Chaining VPNs before Tor (VPN>VPN>VPN>VPN>Tor). Is it more private?

IVPN, a PrivacyGuides reccomended VPN, suggests chaining commercial VPNs purchase through cryptocurrency as a way to increase the anonymity before Tor. That way if a Tor connection is deanonymized, the attacker would also have to deanonymize seperate VPN providers, either using netflow or attempting to pressure companies to log data.

Connection-Two-VPNs-light865×174 11.4 KB

Chains-light777×544 12.2 KB

Each star denotes a VPN exit, with an invariant IP address that’s shared by all users. Two VPN services (VPN1 and VPN2) form the backbone. A third VPN service, routed through VPN2, provides multiple simultaneous exits (VPN3a and VPN3b). A Tor client, also routed through VPN2, provides Internet access through a cloud of frequently changing exit IP addresses that are shared by many other users. Finally, a fourth VPN service (VPN4) is routed through the Tor connection.

For most internet browsing, VPN4 can be excluded because it weakens anonymity.

Each VPN tunnel in a nested chain provides some degree of separation and anonymity. How much depends on such factors as the number of concurrent users, what the service logs, and the availability of any logs to adversaries. But generally, your risk of association is greatest with the VPN1 exit, less with the VPN2 exit, and even less with the VPN3a and VPN3b exits. Tor connections arguably provide far more separation and anonymity, so your risk of association through the Tor exit cloud is far less than through the VPN3 exits.

Source: IVPN - Guides - advanced-privacy-and-anonymity-part-3

Whether or not this provides more anonymity, or potentially harms it, is a subject of debate within security community. The plan is to use this setup for providing anonymity against governments with the capability to monitor large sections of the internet. Mullvad’s DAITA, when used as a link, could help battle AI analysis threat.

Of course, when I ran tests on this, internet connection speed was horrific, a few kilobytes per second, but the slow speeds is worth it, if it lowers the chances of the source IP being discovered through traffic analysis.

I would like to hear your opinion on this.

Overkill.
Tor > VPN paid with Monero is enough for both privacy and usability.
VPN > Tor to post sensitive materials and access .onion web
I2P as alternative.

Everything else like that 7 proxies thing is just simply stupid.

Like you said, your speed is gonna be terrible and it’s just overall a really janky setup. There’s services like iCloud Private Relay and Obscura VPN that are built from the ground up to use multiple hops from different companies, but they have their limitations of course. Nym looks promising as well, you could try it out and see what you think. For now I think Tor is going to be massively better than trying to chain VPNs together anyway, and there’s a lot of options being worked on to fill this niche. Watch and see when Obscura supports your operating system of choice because I think that’ll be a much better experience than chaining VPNs together.

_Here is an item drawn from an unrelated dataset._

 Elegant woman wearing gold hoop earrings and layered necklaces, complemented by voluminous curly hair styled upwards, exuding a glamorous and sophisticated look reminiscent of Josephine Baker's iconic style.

As for chaining VPNs before Tor, really insane idea to me. Tor is already a complete system, you don’t really need anything in front of it unless you need to hide that you’re on Tor, say it’s illegal where you live or blocked (this is definitely a weakness of Tor).

Please see TorPlusVPN · Wiki · Legacy / Trac · GitLab

Source for this? (Curious)

Mullvad DAITA always use two hops, so it seems enough. Remember that will be 5 hops in total, all of them using anti-fingerprinting analysis (For also has protection for this).

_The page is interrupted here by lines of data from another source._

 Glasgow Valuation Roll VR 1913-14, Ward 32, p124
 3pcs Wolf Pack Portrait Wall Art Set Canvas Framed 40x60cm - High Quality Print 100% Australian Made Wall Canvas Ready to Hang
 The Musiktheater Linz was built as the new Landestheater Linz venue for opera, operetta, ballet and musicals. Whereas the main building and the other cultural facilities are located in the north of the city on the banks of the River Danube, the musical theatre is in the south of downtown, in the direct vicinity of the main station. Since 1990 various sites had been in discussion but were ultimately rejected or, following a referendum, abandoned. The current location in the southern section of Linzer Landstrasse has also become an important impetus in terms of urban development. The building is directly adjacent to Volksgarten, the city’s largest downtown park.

As said above, using Nym could be an option, but Nym already has 5 hops and they actually delay packages on each hops, so you are probably looking at 30% Tor Speed.

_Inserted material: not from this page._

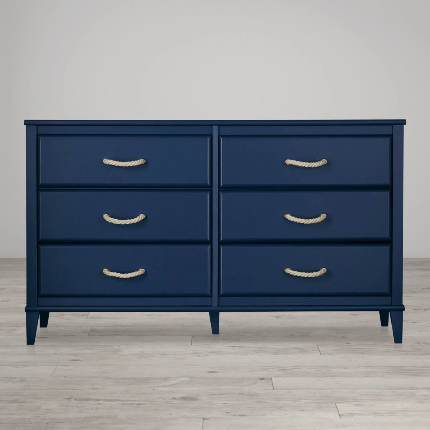 Store your kid’s clothes in classic style with the wooden Little Seeds Sierra Ridge Mesa 6 Drawer Dresser – Blue. Each drawer is mounted on metal slides with built-in stops and easily opens with its rope handles. For safety, this children’s dresser comes finished in non-toxic blue paint and is balanced on five feet. Use the included wall anchors to enhance this piece’s stability.

How did you chain the VPNs together?

multihop is optional with daita iirc

Yep, that is correct

Is daita enough of a killer feature to recommend mullvad over ivpn for browsing?

The cynical take here is that VPN companies will win with this setup especially when a lot of the VPNs are owned by the same company.

I know the ones we trust here aren’t owned by the same company and it sort of should be ok but the usability of this is still outright bad and would still trigger all the captchas. If you have to do this Mullvad paid with Monero or cash should be enough then to go to Tor from there.

Gestures at the internet: the amount of internet that can be served over kb connections can be listed on a website of “text only web pages”

For that level of worry, might as well spin up an i2p client between you and the vpn. Or just use i2p.

I think that just using tor to visit an onion address gets you 6 hops from the get go.

VPN before tor also requires you to reset the tor browser so you’re not using the same key server.

You are actually right, but they have very few DAITA servers so it will most of the time automatically multi-hop so your entry point is the server you selected and the exit is the DAITA VPN server.

Waste. Just use multihop vpn on RDP server. Most tor exploits try to interact with your OS so use RDP for added security.